Estudió la carrera de Médico Cirujano en la antigua Escuela de Medicina de la Universidad Nacional Autónoma de México, ubicada en República de Brasil No. 33, en el centro histórico de la Ciudad de México. En 1953 obtiene el cargo de Jefe de Practicantes de la Cruz Roja. Por esa fecha escucha al Dr. George W. Thorn, jefe de medicina del Peter Bent Brigham Hospital y Profesor de Medicina de Harvard, durante una visita que realiza al Hospital de Enfermedades de la Nutrición.
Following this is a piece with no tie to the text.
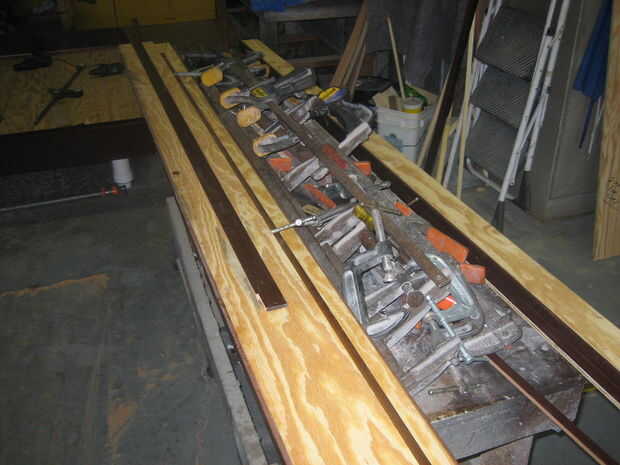 Para fijar los rieles a la plataforma y proporcionar estabilidad a la plataforma - un 2 X 1 "soporte" de las clases fue pegado en y atornillado. Véase el cuadro 4 con el soporte instalado.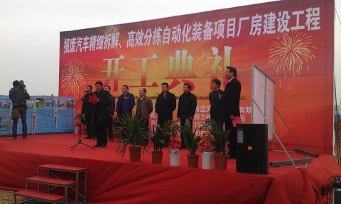 2012年12月10日,銅陵天奇藍(lán)天機(jī)械設(shè)備有限公司彩旗飄揚(yáng),氣球飛舞,氣球下方的“凝心聚力謀行業(yè)發(fā)展 爭創(chuàng)佳績促企業(yè)跨越”“加強(qiáng)科技合作與交流 走開放型科技發(fā)展之路”“以黨的十八大精神為統(tǒng)領(lǐng) 推進(jìn)企業(yè)跨越發(fā)展 科學(xué)發(fā)展 和諧發(fā)展”“推進(jìn)綠色發(fā)展、循環(huán)發(fā)展、低碳發(fā)展 加強(qiáng)生態(tài)文明建設(shè)”的標(biāo)語,在空中格外醒目。 11點(diǎn)08分,“報(bào)廢汽車精細(xì)拆解、高效分揀自動(dòng)化裝備項(xiàng)目廠房建設(shè)工程”儀式正式開始。儀式由公司總經(jīng)理錢立華先生主持。儀式上天奇藍(lán)天董事長汪國春先生作項(xiàng)目介紹并致辭。工程施工單位江西省群力建設(shè)有限公司副總經(jīng)理徐丙洋先生也作了發(fā)言,表示一定按質(zhì)按期完成此項(xiàng)工程。銅陵市經(jīng)濟(jì)技術(shù)開發(fā)區(qū)管委會(huì)主任王毅軍先生也發(fā)表講話,對項(xiàng)目開工表示祝賀,希望項(xiàng)目建設(shè)各方精心組織、科學(xué)調(diào)配、保質(zhì)保量,完成建設(shè)任務(wù),希望項(xiàng)目盡早建成、投產(chǎn)。 最后,天奇股份創(chuàng)始人黃偉興先生宣布開工令,在陣陣掌聲和轟鳴的禮炮聲中,本次開工慶典儀式圓滿劃上句號。 “報(bào)廢汽車精細(xì)拆解、高效分揀自動(dòng)化裝備項(xiàng)目廠房建設(shè)工程”是同日開工的“銅陵市長三角區(qū)域性汽車產(chǎn)品回收利用再制造產(chǎn)業(yè)基地項(xiàng)目”的配套項(xiàng)目。項(xiàng)目的開工是企業(yè)積極響應(yīng)政府大力發(fā)展汽車循環(huán)經(jīng)濟(jì)的號召,不斷擴(kuò)大生產(chǎn)經(jīng)營規(guī)模,加大技術(shù)改造投入,走科技進(jìn)步與創(chuàng)新之路的結(jié)果;更是天奇股份支持地方經(jīng)濟(jì)建設(shè),轉(zhuǎn)變觀念、順勢而謀之為。

La erudición del profesor Thorn le impresiona, ya que cubría varias facetas de la labor médica: era un clínico sagaz en el diagnóstico de padecimientos de medicina interna complejos y, al mismo tiempo, un investigador que hablaba de sus experimentos en el laboratorio con animales con la misma precisión y brillantez. Desde aquel momento, el Dr. Peña decide que ese es el tipo de médico que quiere ser. En el año de 1955 concluye la carrera de medicina con Mención Honorífica.
Realizó la residencia de medicina interna en el periodo de 1955-1959 en el Hospital de Enfermedades de la Nutrición (ahora Instituto Nacional de Ciencias Médicas y Nutrición Salvador Zubirán) y en el Instituto Nacional de Cardiología Ignacio Chávez.
En 1959 viaja a la Universidad de Michigan, en Ann Arbor, y se suma al personal del departamento de fisiología, donde adquiere conocimientos y habilidades sobre diversos métodos para el estudio de la función renal. En 1960 se traslada a Boston, al Peter Bent Brigham Hospital en Harvard, y llega a la unidad cardiorrenal a cargo del Dr. Jonh P. Merrill, pionero de la nefrología y de la diálisis y el trasplante, permaneciendo en ella hasta 1962.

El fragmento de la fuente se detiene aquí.